Thanks for taking the time to do it! Your analysis is correct. The idea behind the argument you've (rightly) found unconvincing was that a SignalDict lookup can be expensive, but now that I think about it, the cost of pyvcd accepting indexes directly, and the cost of indexing into an array of pyvcd variables inside nMigen is exactly the same, so there is nothing here that needs an API change in pyvcd.

jpgrayson commented 4 years ago

Great, it sounds like we are on the same page. When I get some time, I will look into implementing VCDWriter.register_alias().

jpgrayson commented 4 years ago

@whitequark I have added VCDWriter.register_alias(). It would be much appreciated if you could take a look and perhaps try using it in nMidgen. If it's suitable, I will cut a PyVCD release with the feature.
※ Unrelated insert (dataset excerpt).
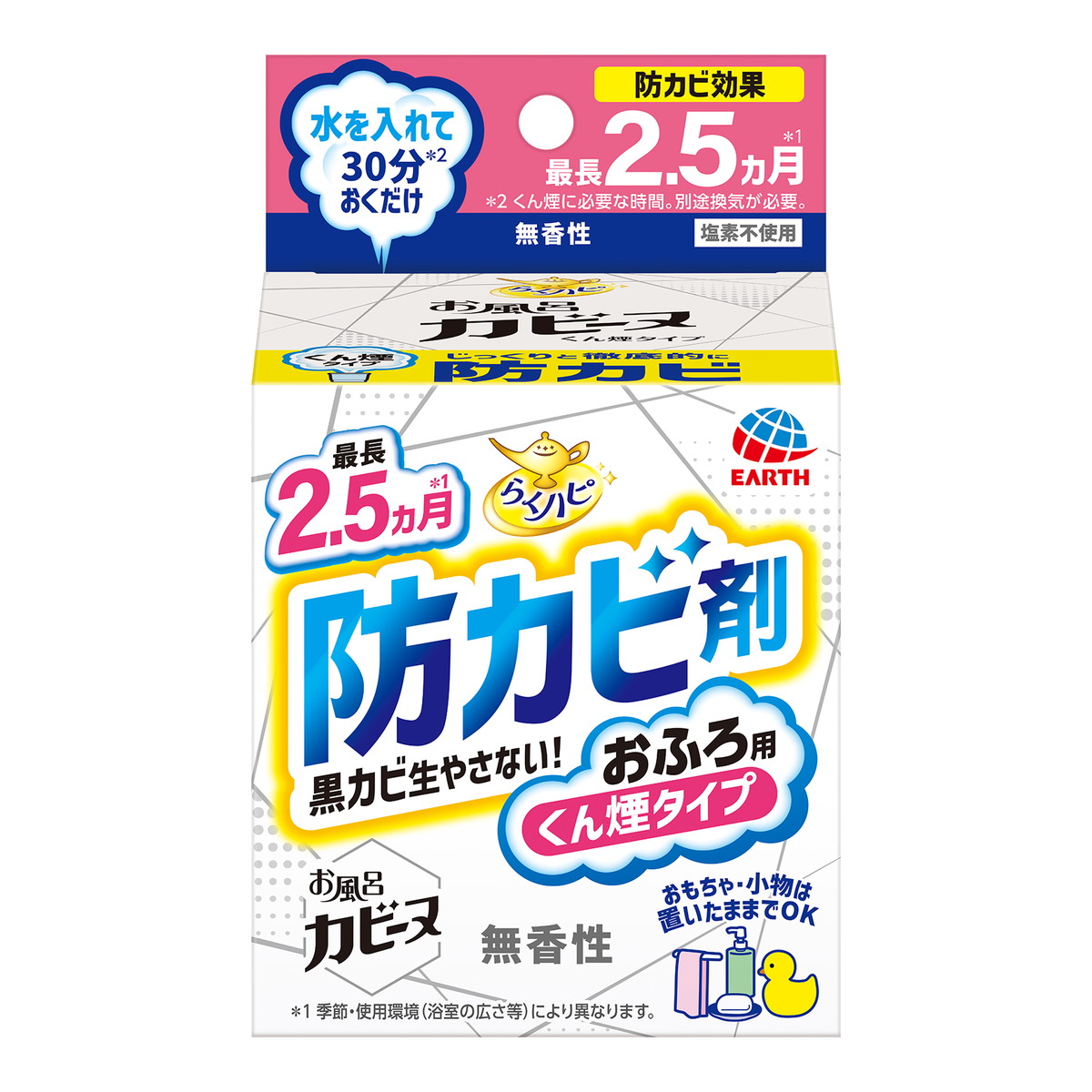最長2.5ヵ月お風呂の黒カビを防ぎ、イヤなニオイもしっかり消臭します。
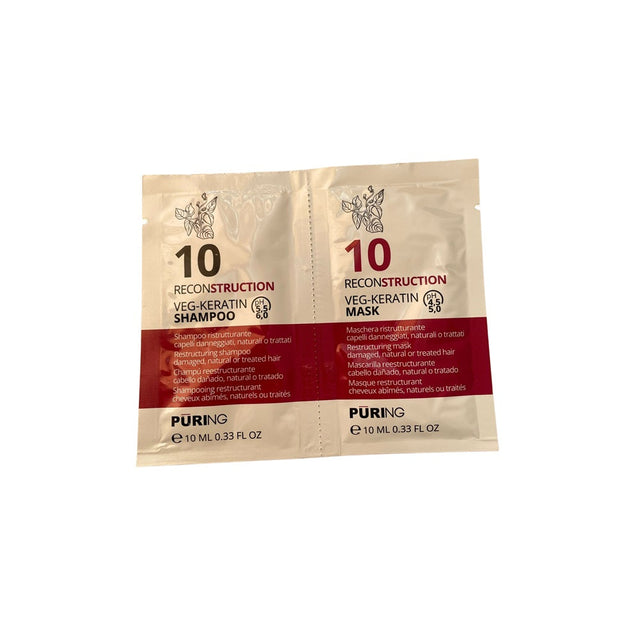Puring Set Reconstrucție Intensivă – Șampon și Mască cu Cheratină Vegetală pentru Păr Deteriorat, Natural sau Tratat mostră 2x10ml

whitequark commented 4 years ago

Seems to work well with the following patch:

```diff diff --git a/nmigen/sim/pysim.py b/nmigen/sim/pysim.py index 9dde345..166e2a1 100644 --- a/nmigen/sim/pysim.py +++ b/nmigen/sim/pysim.py @@ -111,23 +111,25 @@ class _VCDWaveformWriter(_WaveformWriter): var_name_suffix = var_name else: var_name_suffix = "{}${}".format(var_name, suffix) - vcd_var = self.vcd_writer.register_var( - scope=var_scope, name=var_name_suffix, - var_type=var_type, size=var_size, init=var_init) + if signal not in self.vcd_vars: + vcd_var = self.vcd_writer.register_var( + scope=var_scope, name=var_name_suffix, + var_type=var_type, size=var_size, init=var_init) + self.vcd_vars[signal] = vcd_var + else: + self.vcd_writer.register_alias( + scope=var_scope, name=var_name_suffix, + var=self.vcd_vars[signal]) break except KeyError: suffix = (suffix or 0) + 1 - if signal not in self.vcd_vars: - self.vcd_vars[signal] = set() - self.vcd_vars[signal].add(vcd_var) - if signal not in self.gtkw_names: self.gtkw_names[signal] = (*var_scope, var_name_suffix) def update(self, timestamp, signal, value): - vcd_vars = self.vcd_vars.get(signal) - if vcd_vars is None: + vcd_var = self.vcd_vars.get(signal) + if vcd_var is None: return vcd_timestamp = self.timestamp_to_vcd(timestamp) @@ -135,8 +137,7 @@ class _VCDWaveformWriter(_WaveformWriter): var_value = self.decode_to_vcd(signal, value) else: var_value = value - for vcd_var in vcd_vars: - self.vcd_writer.change(vcd_var, vcd_timestamp, var_value) + self.vcd_writer.change(vcd_var, vcd_timestamp, var_value) def close(self, timestamp): if self.vcd_writer is not None: ```

On a benchmark I'm using (Minerva SoC) this cut the VCD file size in half and slightly improved simulation speed.

jpgrayson commented 4 years ago

The above patch looks good/as-expected. Thanks for taking the time to integrate.

I will release PyVCD 0.2.2 with this change shortly.

Closing.

whitequark commented 4 years ago

Great, thank you for the amazingly fast response!